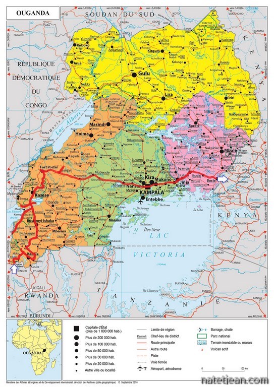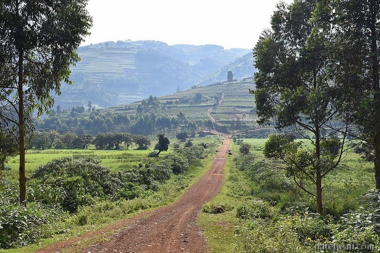 Après Fort Portal, nous avions prévu de monter plus au nord jusqu'au lac Albert sans grande motivation cependant. En principe, si l'on prend cette direction, c'est pour rejoindre ensuite le parc national de Murchinson Falls or nous n'avons aucune envie de refaire un safari dans ce parc. Au réveil, on retrouve un peu d'intérêt pour cette destination et l'on se met en route pour Hoima puis le lac Albert. Pendant 50 km, jusqu'au village de Kyenjojo, on suit une belle route qui traverse les plantations de thé et quelques forêt comme celle de Masindi puis à partir de là, on s'engage sur une piste. La piste est mauvaise et jusqu'au lac, il y a 170 km. Au bout de 10 km, on décide de faire demi-tour ; on n'a pas envie de se faire chahuter toute la journée pour rien. On reprend alors la route en direction de Kampala, la capitale, en comptant s'arrêter bien avant afin de faire la route en 2 étapes.
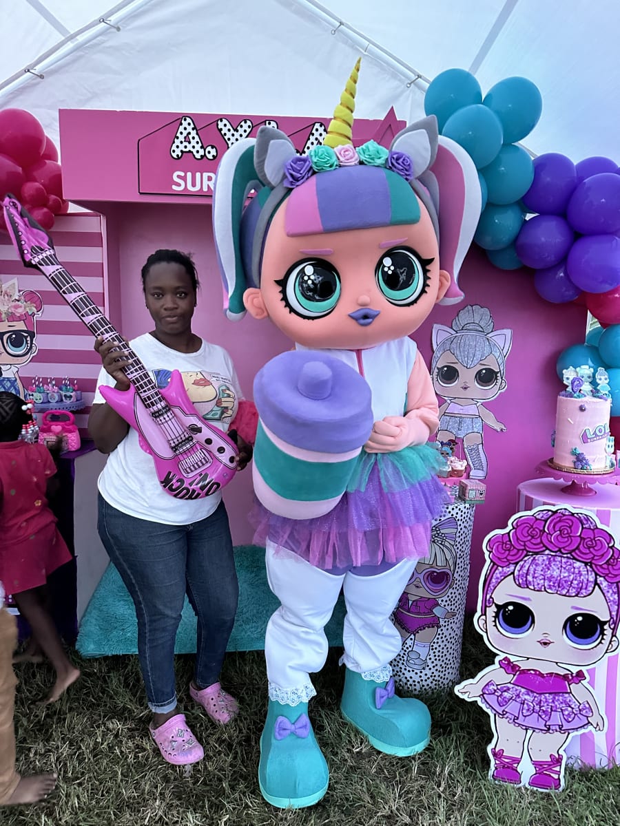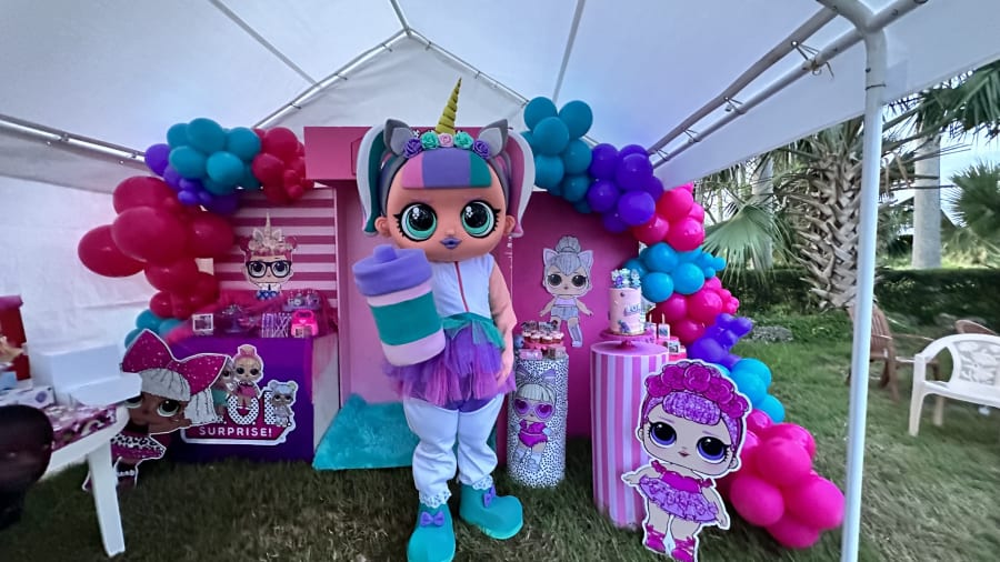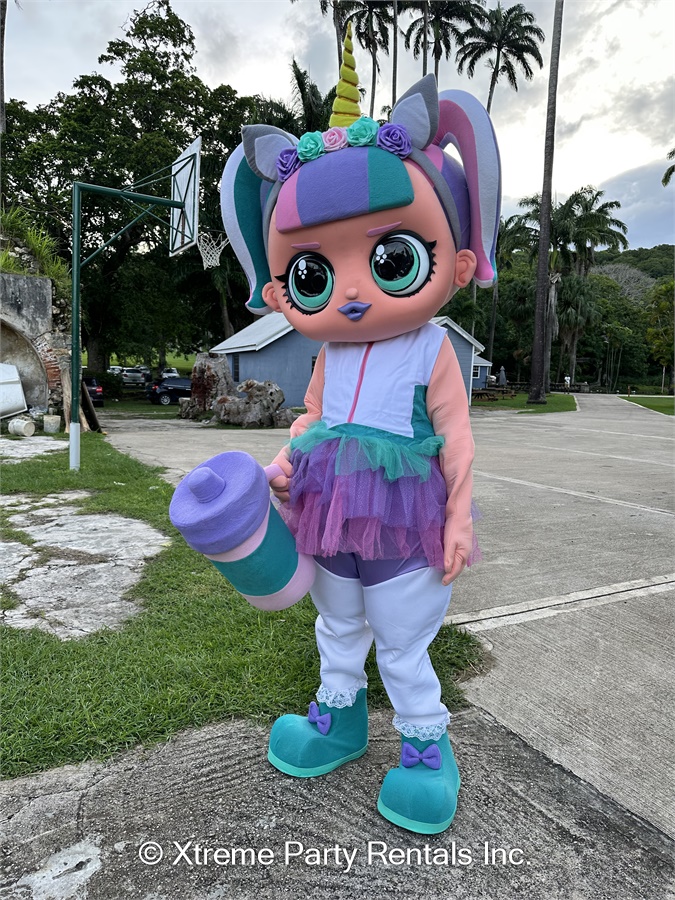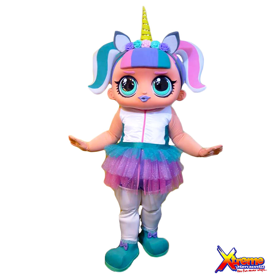 She is the cutest member of our Character Pals. This L.O.L Unicorn lookalike mascot is the perfect addition to your girl's party. Now you can have a unicorn and L.O.L themed party...you don't have to choose!
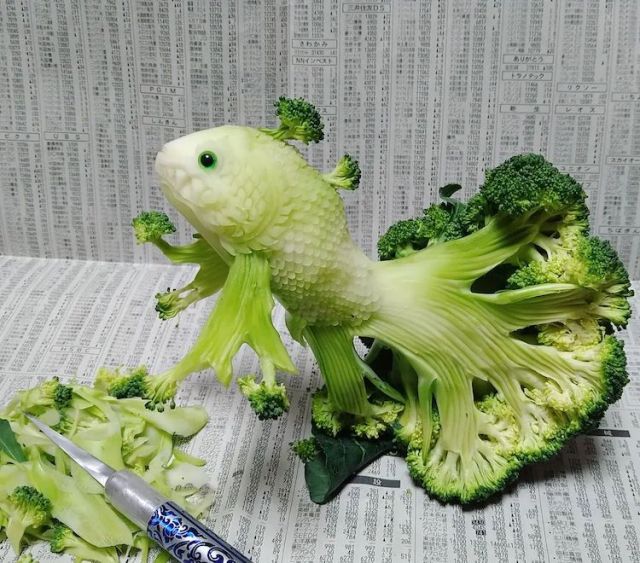 Japanese food artist Gaku is known for his intricate food carvings. The meticulous artist has made a name for himself using the traditional craft of Thai fruit carving. But he also specializes in the Japanese technique known as mukimono, which involves carving images into the skins of fruits and vegetables or shaping them into elaborate forms. While he often directs his precision knife towards fruit, of late the artist has incorporated more vegetables into his art. And recently, one detailed carving of a fish made out of a fluffy stalk of broccoli has taken the internet by storm.
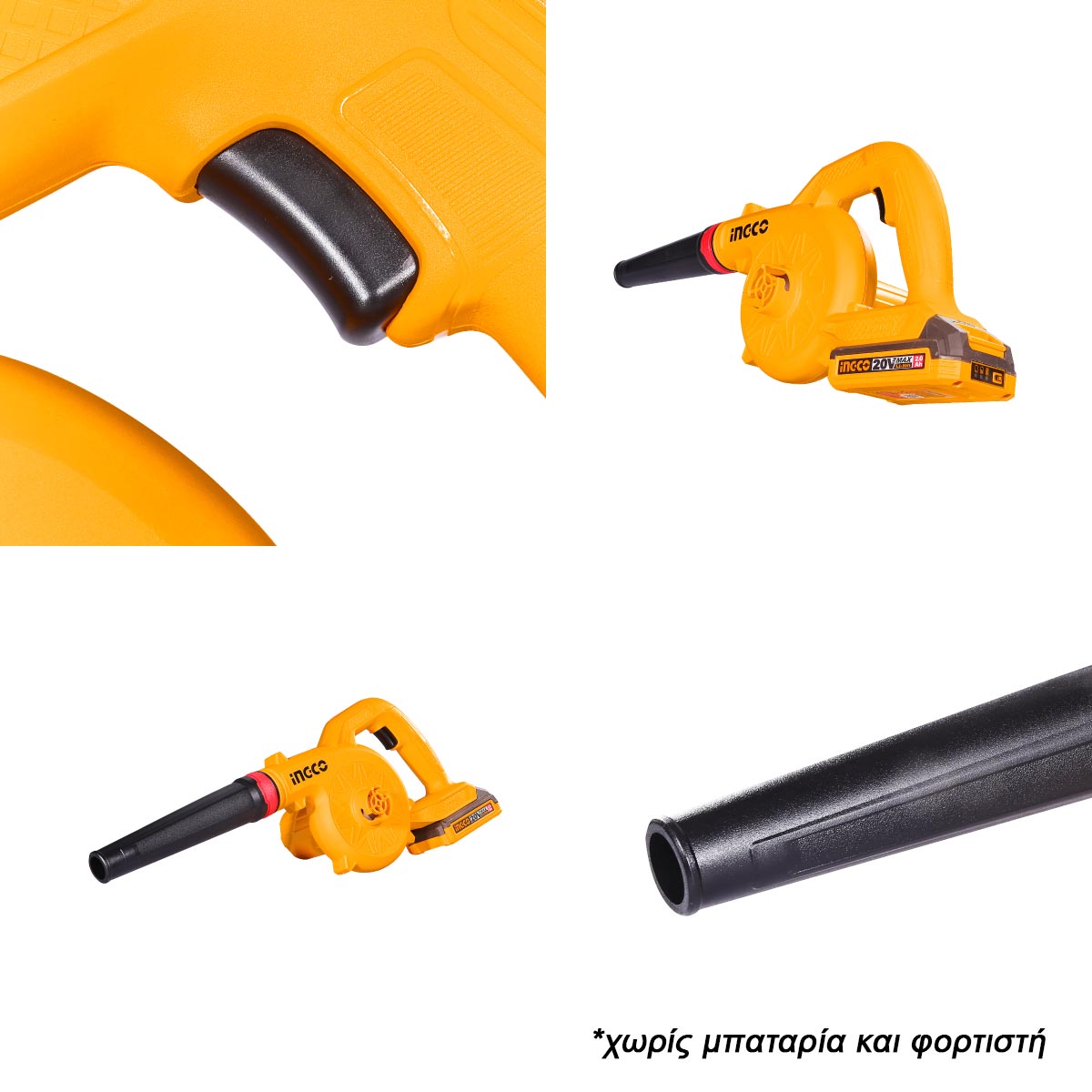 Με ταχύτητα χωρίς φορτίο έως 18.000 rpm και παροχή αέρα 2.7 m³/min, αποτελεί ιδανική λύση για καθαρισμό σε εργαστήρια, εργοτάξια, αυλές και κήπους. Το εργαλείο διατίθεται σε έκδοση SOLO, δηλαδή χωρίς μπαταρία και φορτιστή, και είναι συμβατό με τις μπαταρίες της σειράς 20V Li-Ion της INGCO.
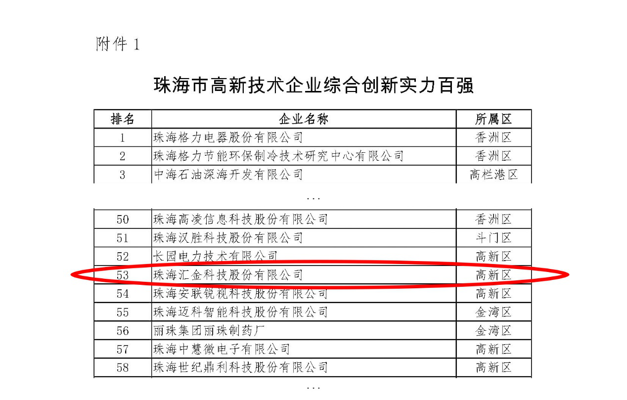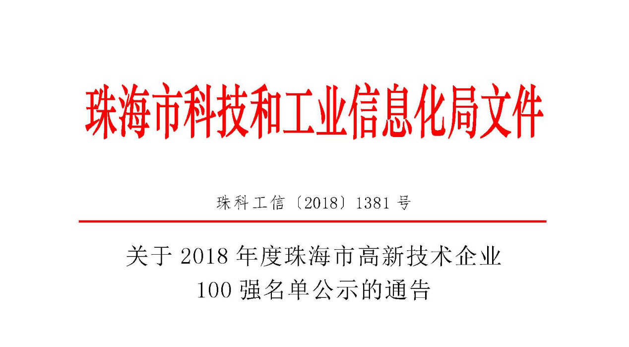 On October 26, according to the evaluation of Technology and Information Bureau of Zhuhai, Huijin Technology was listed among "2018 Top 100 Outstanding Enterprises of Zhuhai for Comprehensive Innovation Capacity and Tax Contribution".
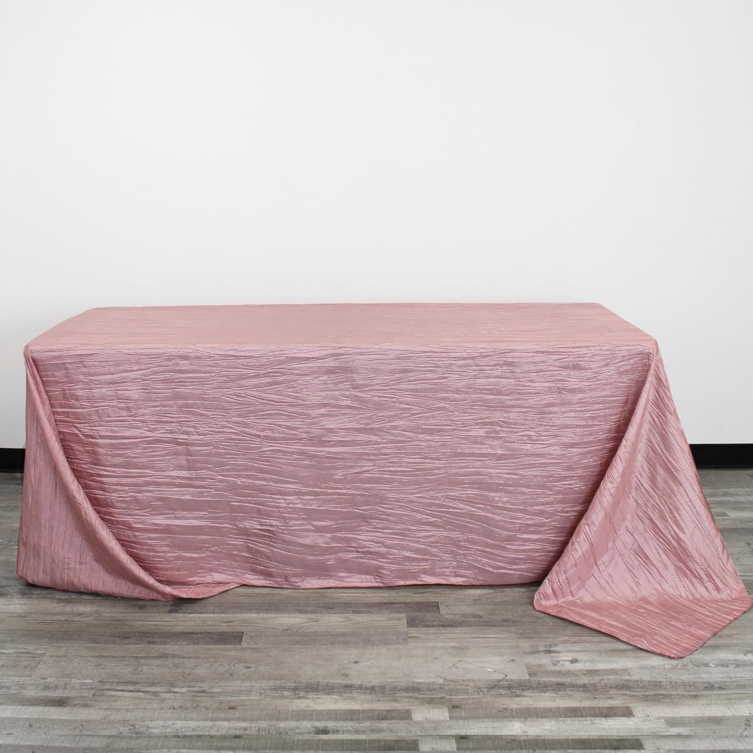 YOUR CHAIR COVERS - 90 x 132 inch Rectangular Crinkle Taffeta Tablecloth - Dusty Rose, Rectangle Table Linens for 6 ft Rectangular Tables, Wedding Crushed Table Cloth
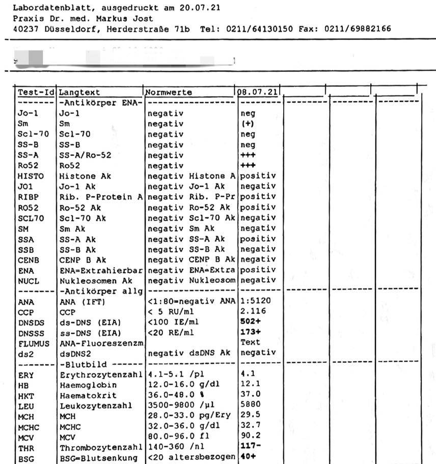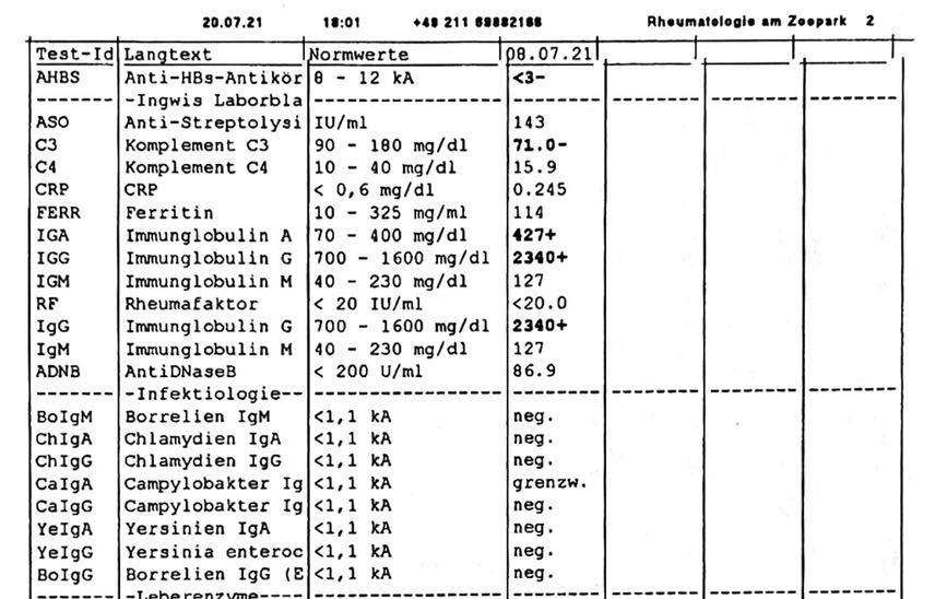 8月刚到,我就打电话询问检查结果,然后风湿科诊所的前台阿姨让我去我的家庭医生那里取结果,并表示检查报告7月20号已经送到家庭医生处了。(我听完都懵逼了,德国看个病大概能写出一篇论文那么长的吐槽贴子吧!难怪歪果仁都是铁打的。。。)
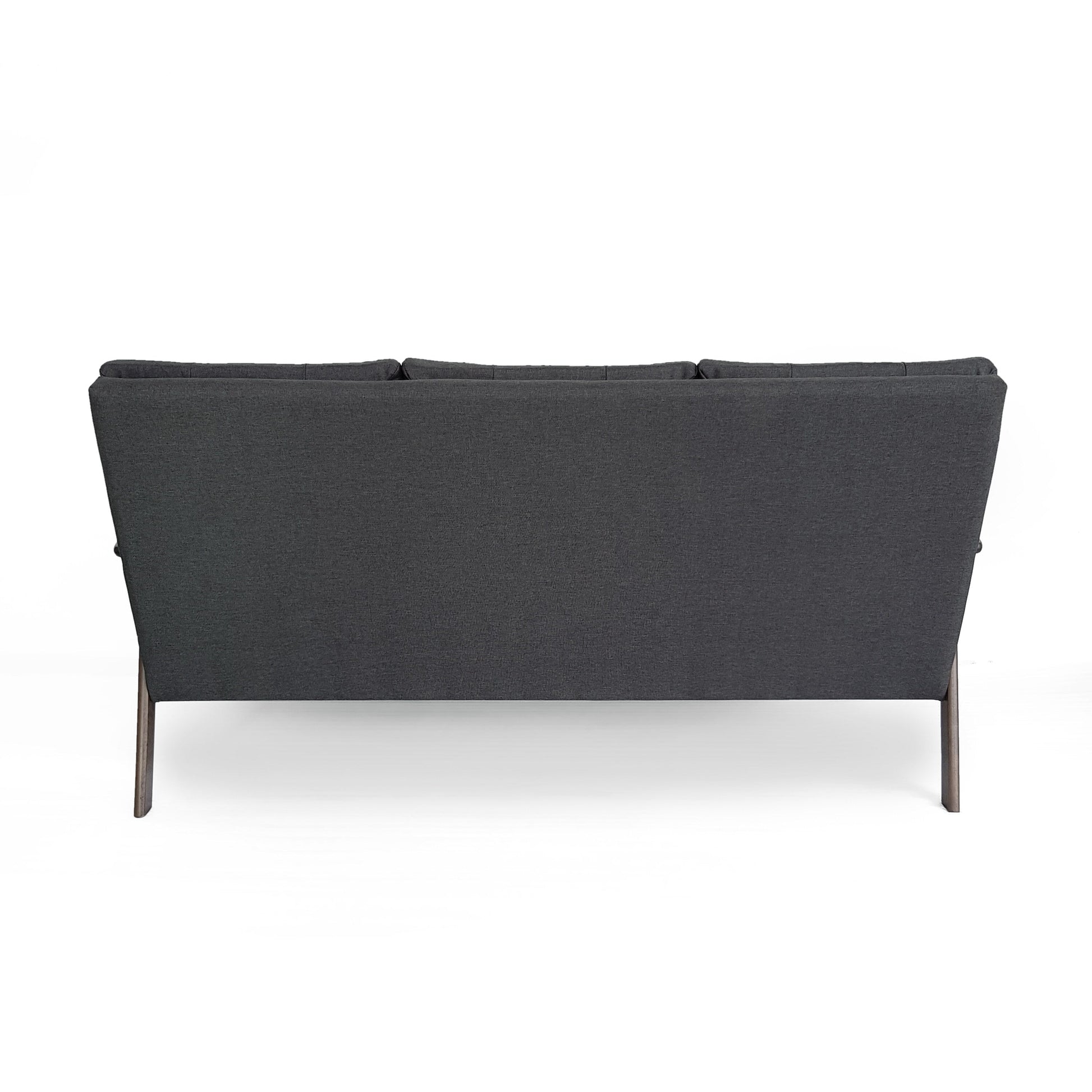 Canapé 3 places gris anthracite style Mid-Century avec capitonnage à boutons et pieds en bois d'hévéa pour le salon
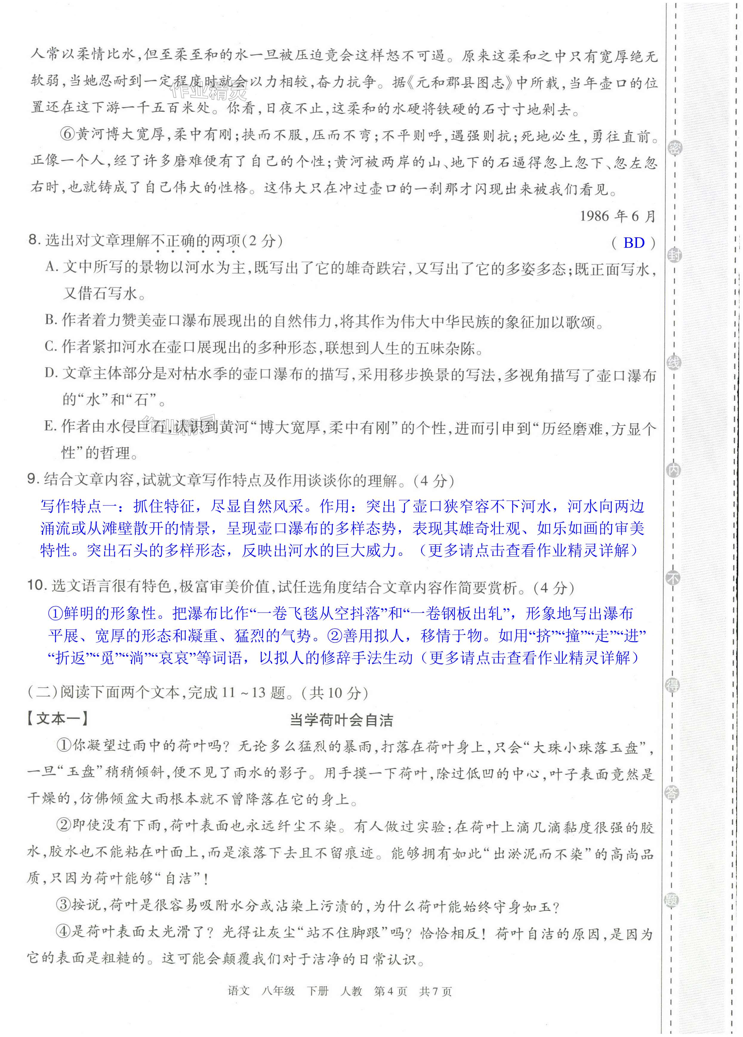 注:目前有些书本章节名称可能整理的还不是很完善,但都是按照顺序排列的,请同学们按照顺序仔细查找。练习册 2024年期末考试必刷卷八年级语文下册人教版洛阳专版 答案主要是用来给同学们做完题方便对答案用的,请勿直接抄袭。
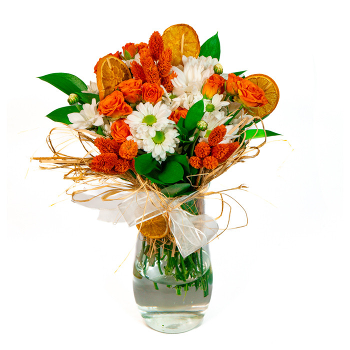 Dekoratif Yeşillikler ve portakal kurusu kullanılarak hazırlanmıştır.

********

Exercise aim ▸
Your task is to repeat the material above exactly, without its pictures.

Output of the task ▸
 Après Fort Portal, nous avions prévu de monter plus au nord jusqu'au lac Albert sans grande motivation cependant. En principe, si l'on prend cette direction, c'est pour rejoindre ensuite le parc national de Murchinson Falls or nous n'avons aucune envie de refaire un safari dans ce parc. Au réveil, on retrouve un peu d'intérêt pour cette destination et l'on se met en route pour Hoima puis le lac Albert. Pendant 50 km, jusqu'au village de Kyenjojo, on suit une belle route qui traverse les plantations de thé et quelques forêt comme celle de Masindi puis à partir de là, on s'engage sur une piste. La piste est mauvaise et jusqu'au lac, il y a 170 km. Au bout de 10 km, on décide de faire demi-tour ; on n'a pas envie de se faire chahuter toute la journée pour rien. On reprend alors la route en direction de Kampala, la capitale, en comptant s'arrêter bien avant afin de faire la route en 2 étapes.
 She is the cutest member of our Character Pals. This L.O.L Unicorn lookalike mascot is the perfect addition to your girl's party. Now you can have a unicorn and L.O.L themed party...you don't have to choose!
 Japanese food artist Gaku is known for his intricate food carvings. The meticulous artist has made a name for himself using the traditional craft of Thai fruit carving. But he also specializes in the Japanese technique known as mukimono, which involves carving images into the skins of fruits and vegetables or shaping them into elaborate forms. While he often directs his precision knife towards fruit, of late the artist has incorporated more vegetables into his art. And recently, one detailed carving of a fish made out of a fluffy stalk of broccoli has taken the internet by storm.
 Με ταχύτητα χωρίς φορτίο έως 18.000 rpm και παροχή αέρα 2.7 m³/min, αποτελεί ιδανική λύση για καθαρισμό σε εργαστήρια, εργοτάξια, αυλές και κήπους. Το εργαλείο διατίθεται σε έκδοση SOLO, δηλαδή χωρίς μπαταρία και φορτιστή, και είναι συμβατό με τις μπαταρίες της σειράς 20V Li-Ion της INGCO.
 On October 26, according to the evaluation of Technology and Information Bureau of Zhuhai, Huijin Technology was listed among "2018 Top 100 Outstanding Enterprises of Zhuhai for Comprehensive Innovation Capacity and Tax Contribution".
 YOUR CHAIR COVERS - 90 x 132 inch Rectangular Crinkle Taffeta Tablecloth - Dusty Rose, Rectangle Table Linens for 6 ft Rectangular Tables, Wedding Crushed Table Cloth
 8月刚到,我就打电话询问检查结果,然后风湿科诊所的前台阿姨让我去我的家庭医生那里取结果,并表示检查报告7月20号已经送到家庭医生处了。(我听完都懵逼了,德国看个病大概能写出一篇论文那么长的吐槽贴子吧!难怪歪果仁都是铁打的。。。)
 Canapé 3 places gris anthracite style Mid-Century avec capitonnage à boutons et pieds en bois d'hévéa pour le salon
 注:目前有些书本章节名称可能整理的还不是很完善,但都是按照顺序排列的,请同学们按照顺序仔细查找。练习册 2024年期末考试必刷卷八年级语文下册人教版洛阳专版 答案主要是用来给同学们做完题方便对答案用的,请勿直接抄袭。
 Dekoratif Yeşillikler ve portakal kurusu kullanılarak hazırlanmıştır.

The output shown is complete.